_Requirement_
Please reproduce, exactly as given, the lines running from the start of the data to the line containing "As estruturas divisórias", inclusive, and omit the pictures.

-.-.-

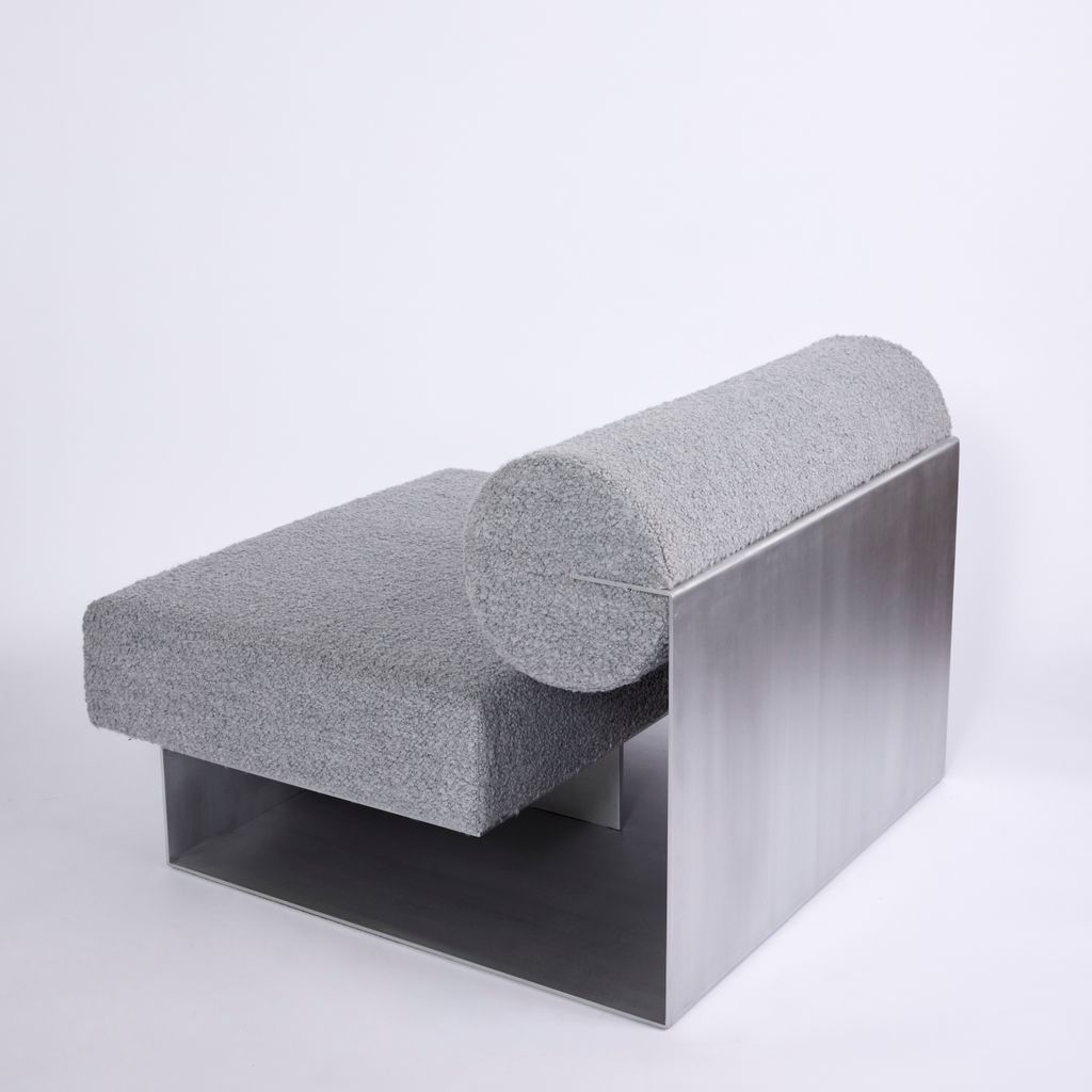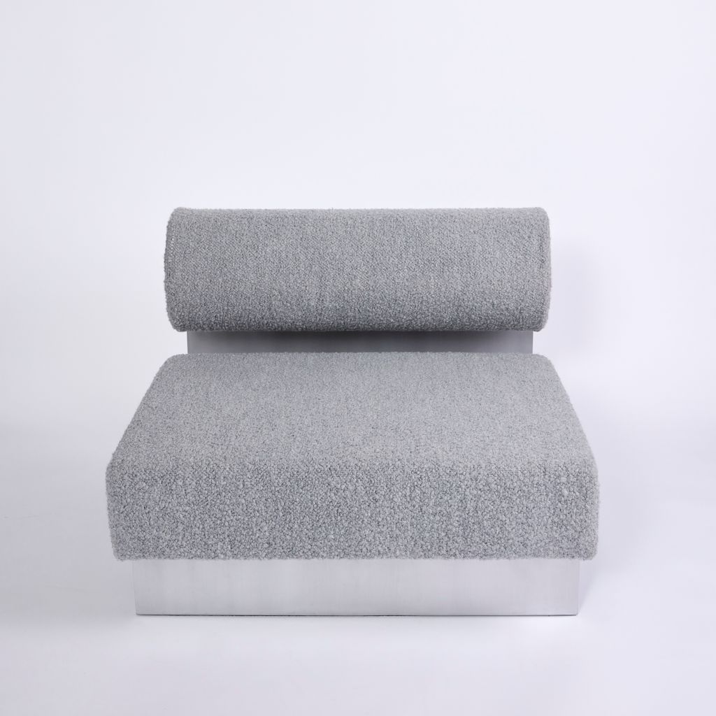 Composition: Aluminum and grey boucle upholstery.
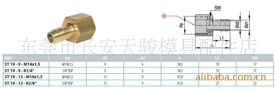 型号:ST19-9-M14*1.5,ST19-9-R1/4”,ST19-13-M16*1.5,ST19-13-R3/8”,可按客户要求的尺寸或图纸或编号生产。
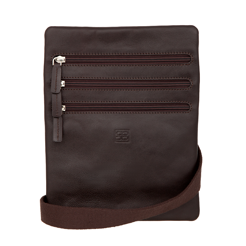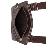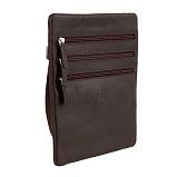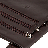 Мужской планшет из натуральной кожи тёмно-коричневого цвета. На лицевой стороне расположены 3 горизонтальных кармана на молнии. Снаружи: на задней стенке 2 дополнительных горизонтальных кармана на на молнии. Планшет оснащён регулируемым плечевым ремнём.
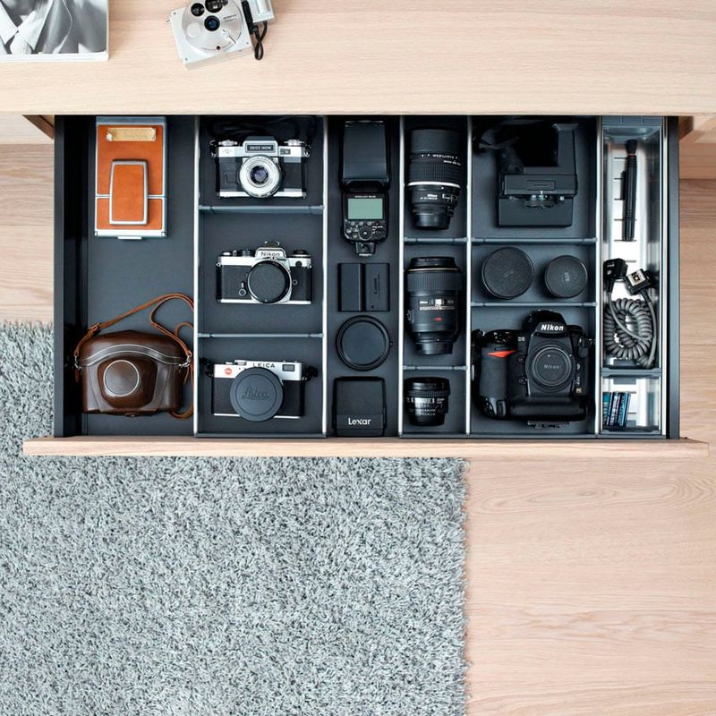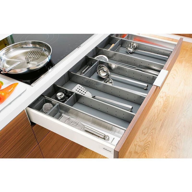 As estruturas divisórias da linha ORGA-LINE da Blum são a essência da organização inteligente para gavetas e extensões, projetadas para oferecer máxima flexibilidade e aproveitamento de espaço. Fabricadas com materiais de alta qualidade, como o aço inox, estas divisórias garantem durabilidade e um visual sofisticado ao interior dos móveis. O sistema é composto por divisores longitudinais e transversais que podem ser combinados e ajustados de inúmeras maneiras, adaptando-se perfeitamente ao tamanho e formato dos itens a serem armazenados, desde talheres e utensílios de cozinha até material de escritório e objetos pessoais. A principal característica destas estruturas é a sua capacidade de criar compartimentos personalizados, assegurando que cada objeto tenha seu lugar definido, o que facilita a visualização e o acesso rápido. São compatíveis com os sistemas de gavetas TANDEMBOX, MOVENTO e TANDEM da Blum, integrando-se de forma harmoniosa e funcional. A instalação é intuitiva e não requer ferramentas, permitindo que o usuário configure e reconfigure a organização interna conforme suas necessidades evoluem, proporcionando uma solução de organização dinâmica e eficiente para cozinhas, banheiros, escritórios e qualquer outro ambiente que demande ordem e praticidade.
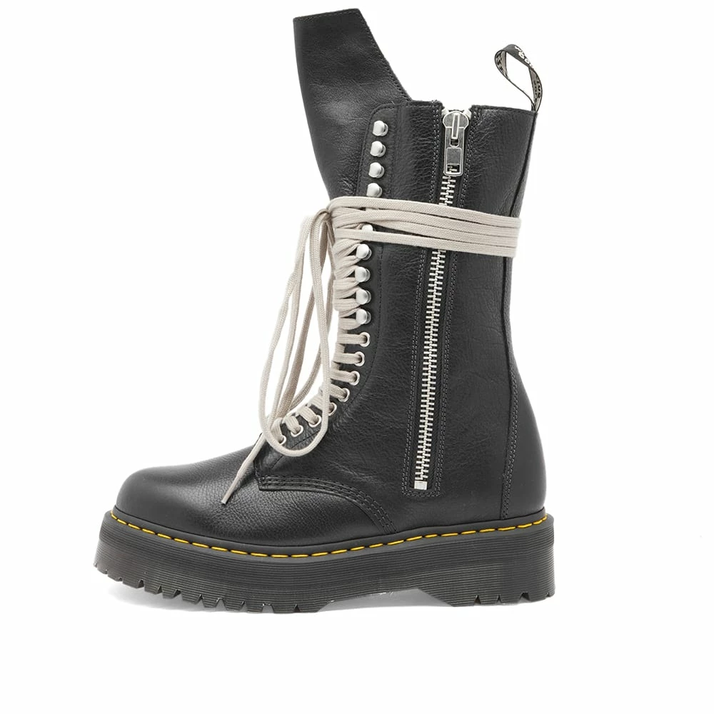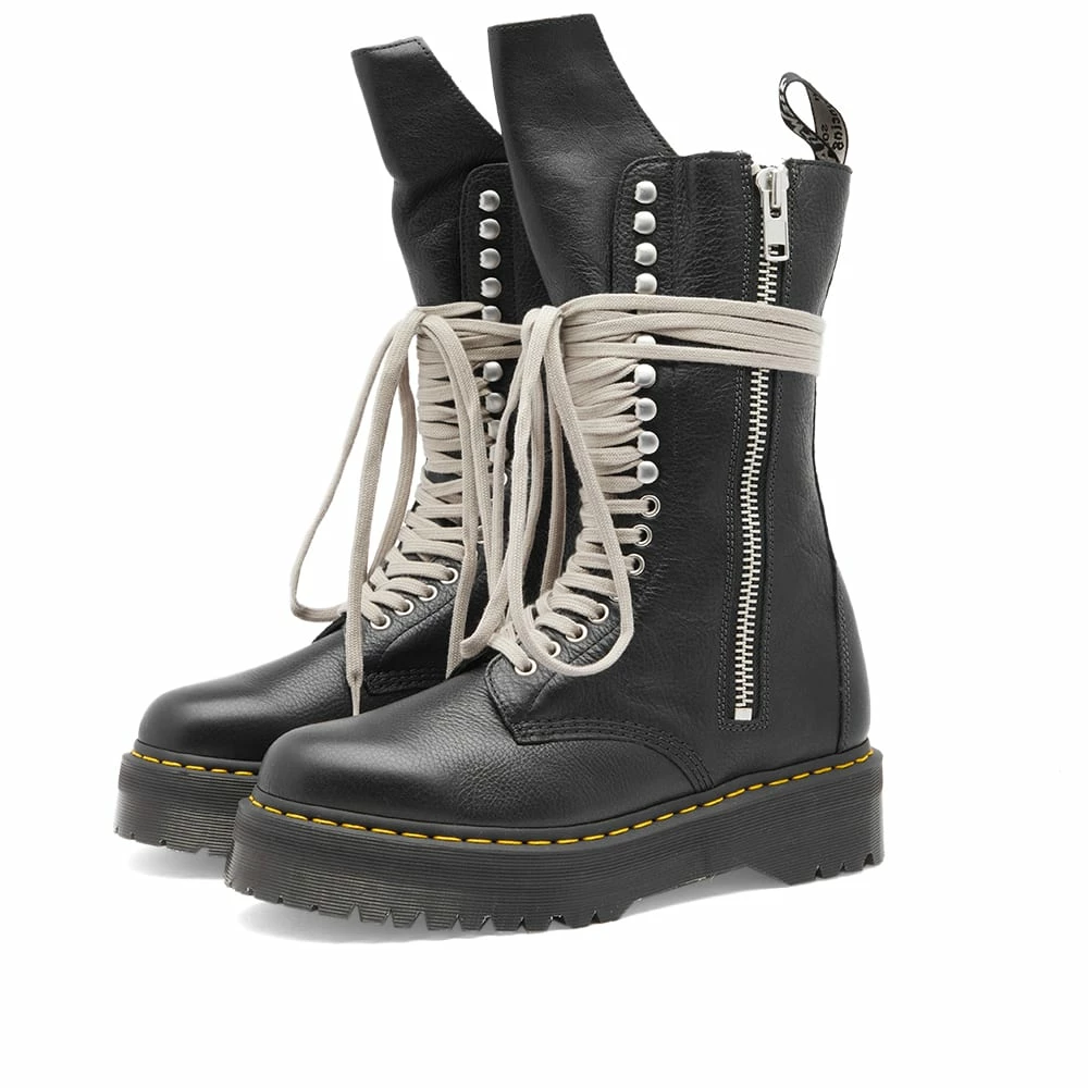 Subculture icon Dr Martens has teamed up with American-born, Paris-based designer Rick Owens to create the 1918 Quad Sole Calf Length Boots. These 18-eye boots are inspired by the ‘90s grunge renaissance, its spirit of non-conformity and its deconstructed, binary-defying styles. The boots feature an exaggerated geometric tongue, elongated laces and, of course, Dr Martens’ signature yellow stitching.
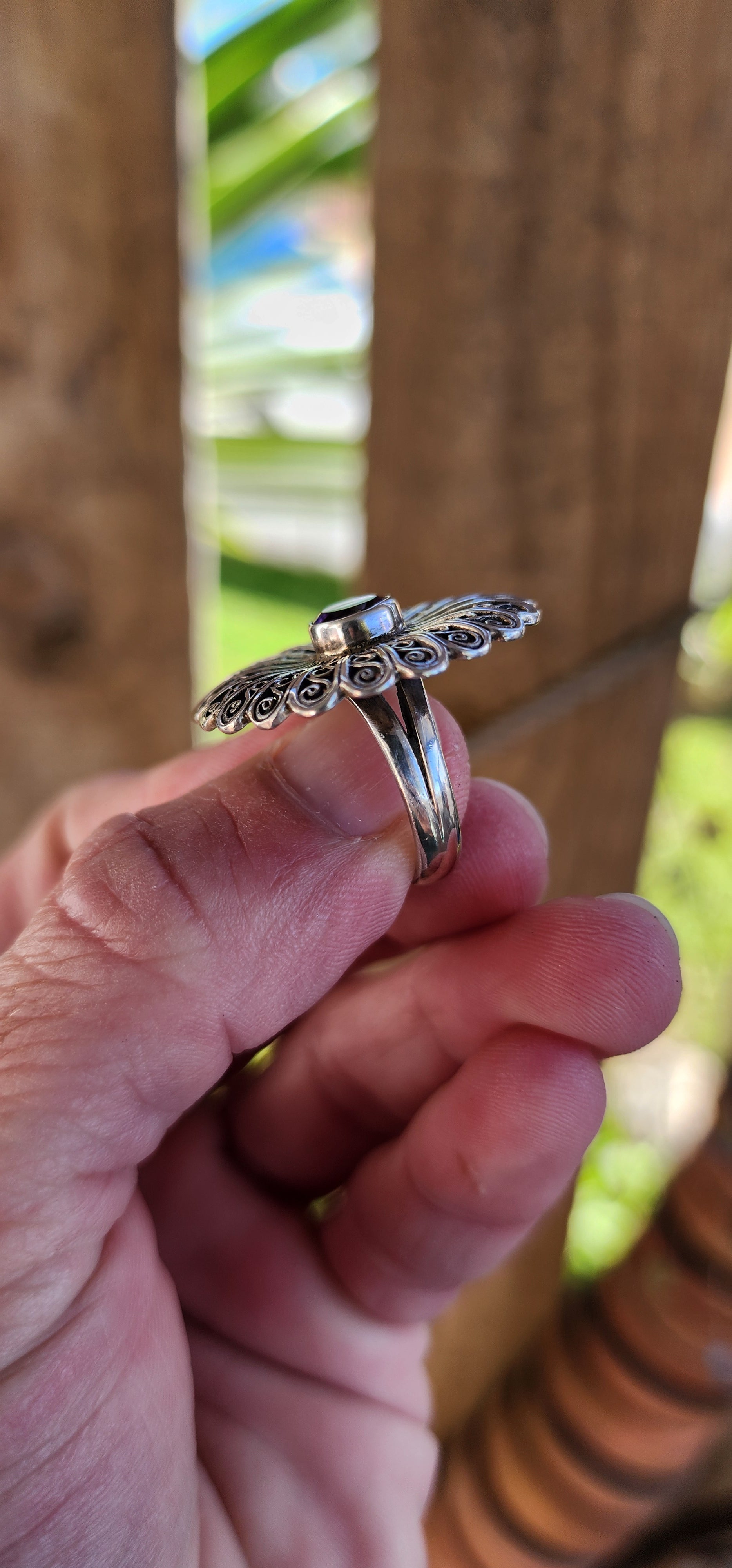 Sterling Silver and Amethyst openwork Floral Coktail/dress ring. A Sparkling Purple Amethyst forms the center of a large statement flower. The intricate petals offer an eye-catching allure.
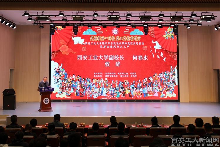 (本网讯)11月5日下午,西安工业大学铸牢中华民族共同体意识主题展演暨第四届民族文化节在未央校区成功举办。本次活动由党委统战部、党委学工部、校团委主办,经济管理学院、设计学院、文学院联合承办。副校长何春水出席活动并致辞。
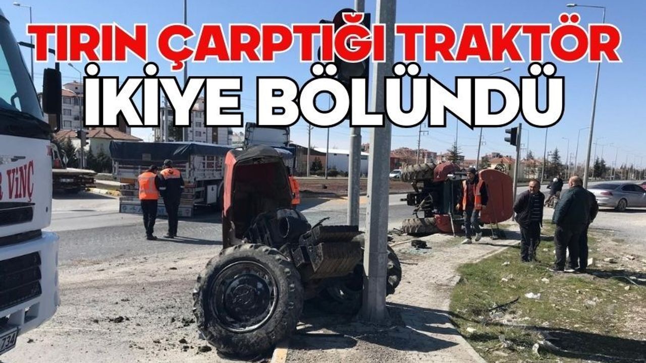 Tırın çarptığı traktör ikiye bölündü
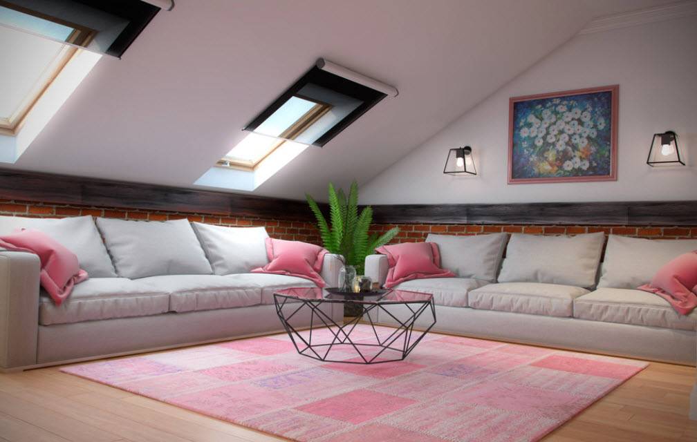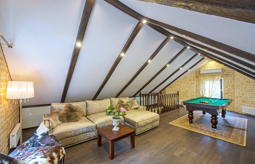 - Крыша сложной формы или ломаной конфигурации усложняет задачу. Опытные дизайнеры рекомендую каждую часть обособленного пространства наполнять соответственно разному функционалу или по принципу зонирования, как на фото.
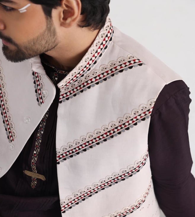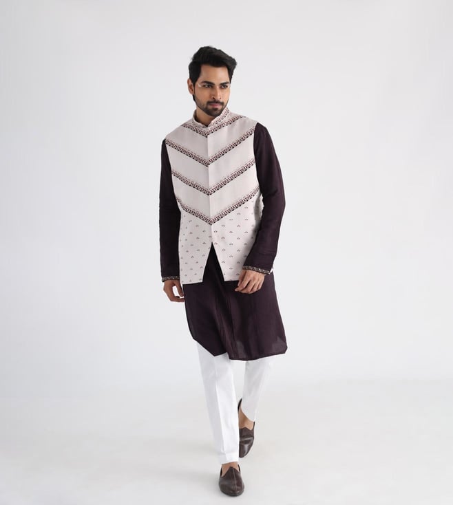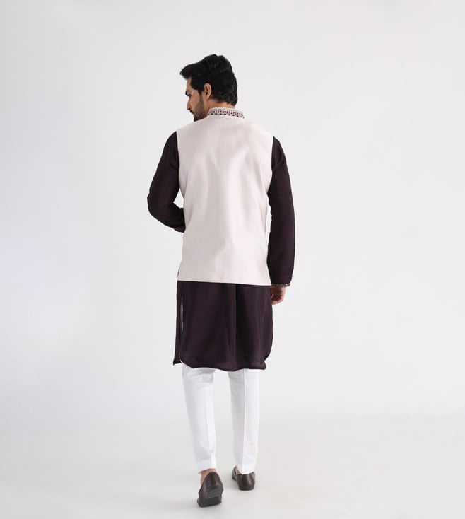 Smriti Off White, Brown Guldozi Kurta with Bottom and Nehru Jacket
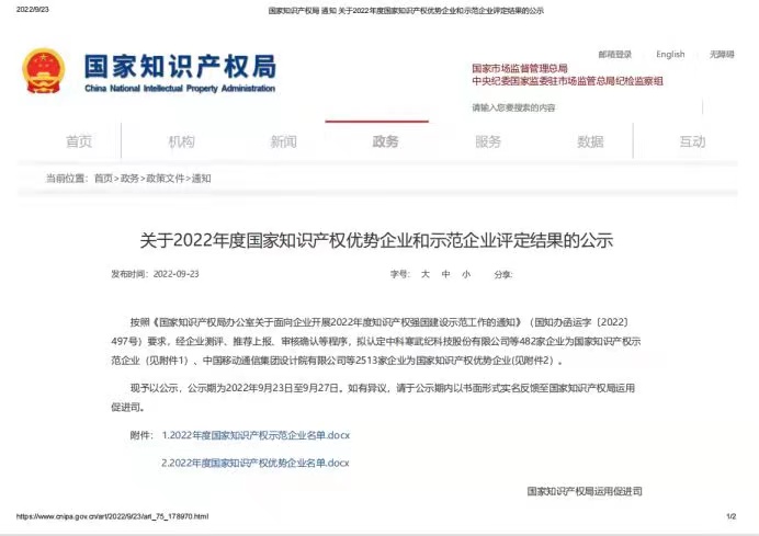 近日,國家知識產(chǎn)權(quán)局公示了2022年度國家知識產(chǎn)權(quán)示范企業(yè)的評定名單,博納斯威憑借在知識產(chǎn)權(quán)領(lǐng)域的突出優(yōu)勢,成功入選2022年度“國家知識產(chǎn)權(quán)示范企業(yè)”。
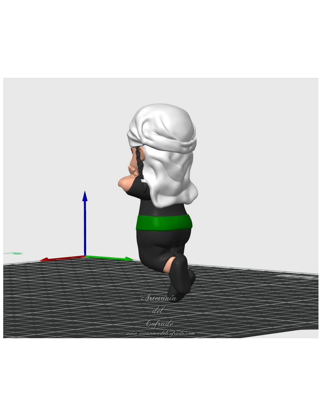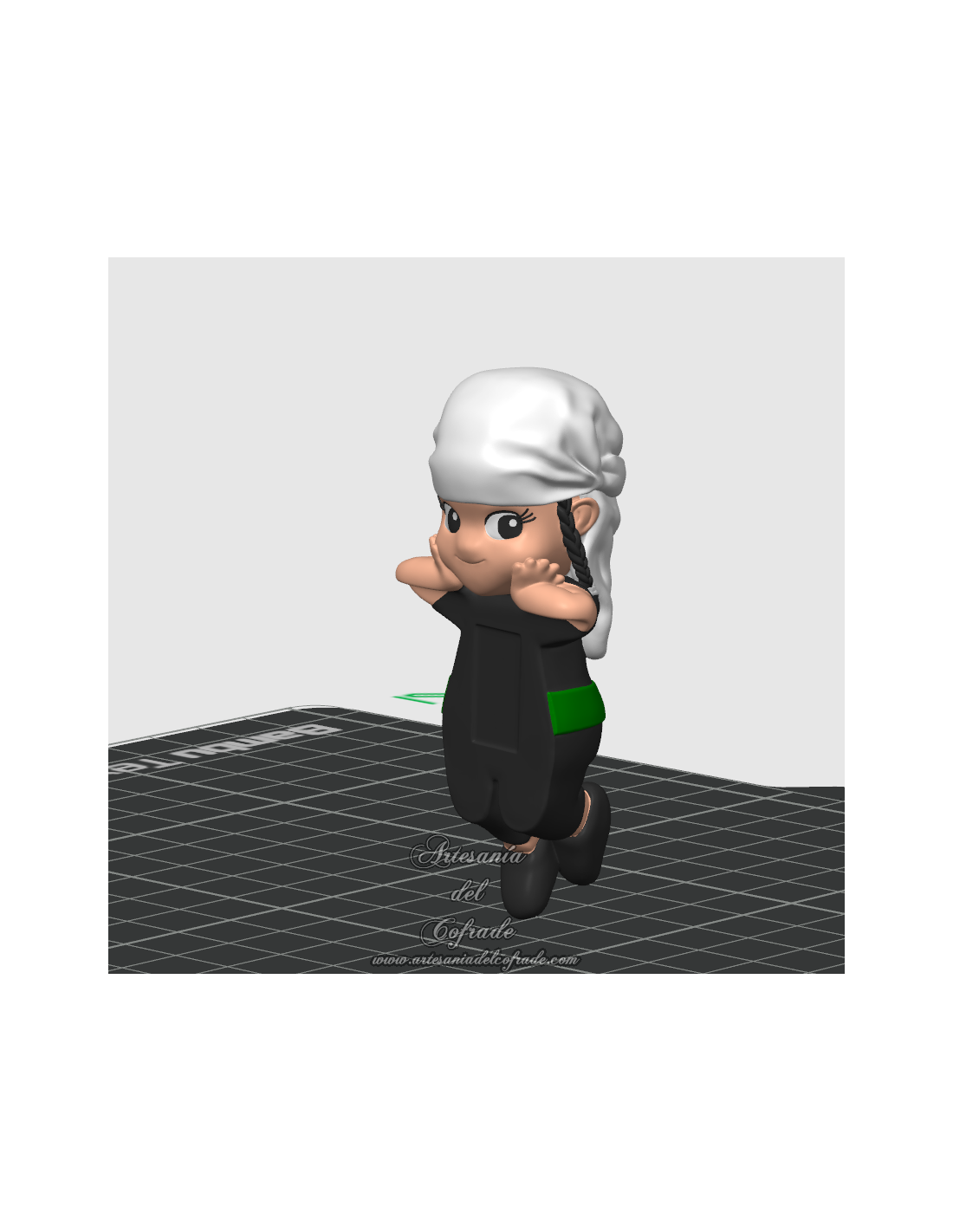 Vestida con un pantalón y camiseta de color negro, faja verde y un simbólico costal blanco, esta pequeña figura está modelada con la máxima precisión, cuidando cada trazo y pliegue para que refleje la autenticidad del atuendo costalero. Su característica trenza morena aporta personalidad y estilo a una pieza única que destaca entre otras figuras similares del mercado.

-.-.-

_Result of the task_
 Composition: Aluminum and grey boucle upholstery.
 型号:ST19-9-M14*1.5,ST19-9-R1/4”,ST19-13-M16*1.5,ST19-13-R3/8”,可按客户要求的尺寸或图纸或编号生产。
 Мужской планшет из натуральной кожи тёмно-коричневого цвета. На лицевой стороне расположены 3 горизонтальных кармана на молнии. Снаружи: на задней стенке 2 дополнительных горизонтальных кармана на на молнии. Планшет оснащён регулируемым плечевым ремнём.
 As estruturas divisórias da linha ORGA-LINE da Blum são a essência da organização inteligente para gavetas e extensões, projetadas para oferecer máxima flexibilidade e aproveitamento de espaço. Fabricadas com materiais de alta qualidade, como o aço inox, estas divisórias garantem durabilidade e um visual sofisticado ao interior dos móveis. O sistema é composto por divisores longitudinais e transversais que podem ser combinados e ajustados de inúmeras maneiras, adaptando-se perfeitamente ao tamanho e formato dos itens a serem armazenados, desde talheres e utensílios de cozinha até material de escritório e objetos pessoais. A principal característica destas estruturas é a sua capacidade de criar compartimentos personalizados, assegurando que cada objeto tenha seu lugar definido, o que facilita a visualização e o acesso rápido. São compatíveis com os sistemas de gavetas TANDEMBOX, MOVENTO e TANDEM da Blum, integrando-se de forma harmoniosa e funcional. A instalação é intuitiva e não requer ferramentas, permitindo que o usuário configure e reconfigure a organização interna conforme suas necessidades evoluem, proporcionando uma solução de organização dinâmica e eficiente para cozinhas, banheiros, escritórios e qualquer outro ambiente que demande ordem e praticidade.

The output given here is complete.